In the equation above, v is the final velocity at time t.

=m.(d/t^2).d

In this step you use v=d/t, but the object isn't moving at constant speed v. It starts with speed 0, and increases speed linearly until the end (v). d/t is the average speed which is v/2 for constant acceleration from v=0 to v=v. So v=2d/t.
 
Thanks i got it

i have still one more question related to energy

If a snooker player hits a ball on frictionless surface...he hits with force 6N and ball starts to move with constant velocity say 10m/s and never stops,
how much work is done by the player and how how much energy the ball has.

If we use W=integral(F.dx)
but F=6 at instant t=0 and F=0 for all other values of t
and d=0 at instant t=0 and d is increasing for all other values of t
So the product remains 0

It mean that work done is zero but energy is transferred to ball i.e. 1/2 mv^2
 
Arslan said:
If we use W=integral(F.dx)
but F=6 at instant t=0 and F=0 for all other values of t
and d=0 at instant t=0 and d is increasing for all other values of t
So the product remains 0

It mean that work done is zero but energy is transferred to ball i.e. 1/2 mv^2
No, it means that your model is flawed. You can't exert a force for zero time. ∫Fdt & ∫Fdx will both be greater than zero.
 
Doc Al said:
No, it means that your model is flawed. You can't exert a force for zero time.
Well you can conceptually exert a finite force for zero duration. It won't do anything, however.

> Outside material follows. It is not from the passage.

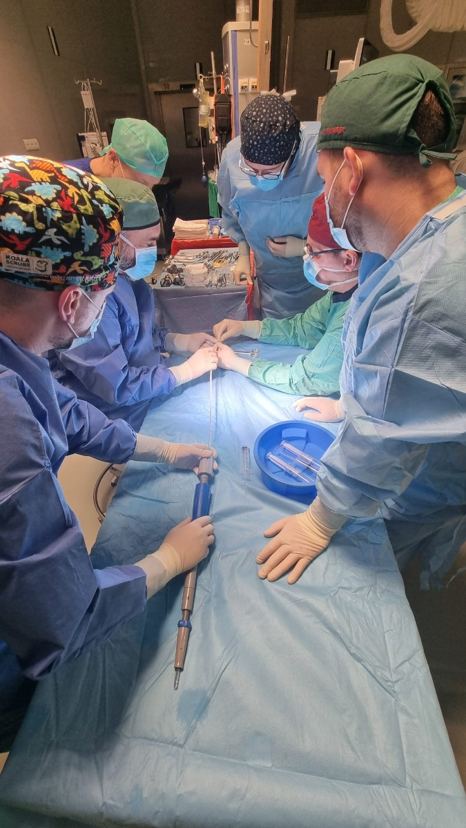 Zakończony sukcesem zabieg przeprowadził zespół w składzie: dr Marek Piwowarczyk, dr Andrzej Kostka, lek. Marcin Kołodziejski oraz lek. Filip Odrowąż-Pieniążek. Cały zabieg wykonano w znieczuleniu miejscowym we współpracy z zespołem anestezjologicznym (dr Małgorzata Lisiecka, lek. Karolina Stanisz) oraz zespołem pielęgniarskim.

You can also apply a rather large but finite force F(t) for a very small period of time δt. Taking ∫Fdt to be the change in momentum Δp and letting δt→0 so that Δp remains constant leads to the idea of impulsive forces. These can yield quite good estimates of the behavior if
  • You don't care about the deformations and such during that time interval δt during which the force is non-zero
  • The changes to the integrated state (position) during that time interval δt are very small
  • That large but finite force F(t) overwhelms all other forces during that time interval.
 
D H said:
Well you can conceptually exert a finite force for zero duration. It won't do anything, however.
True. :wink: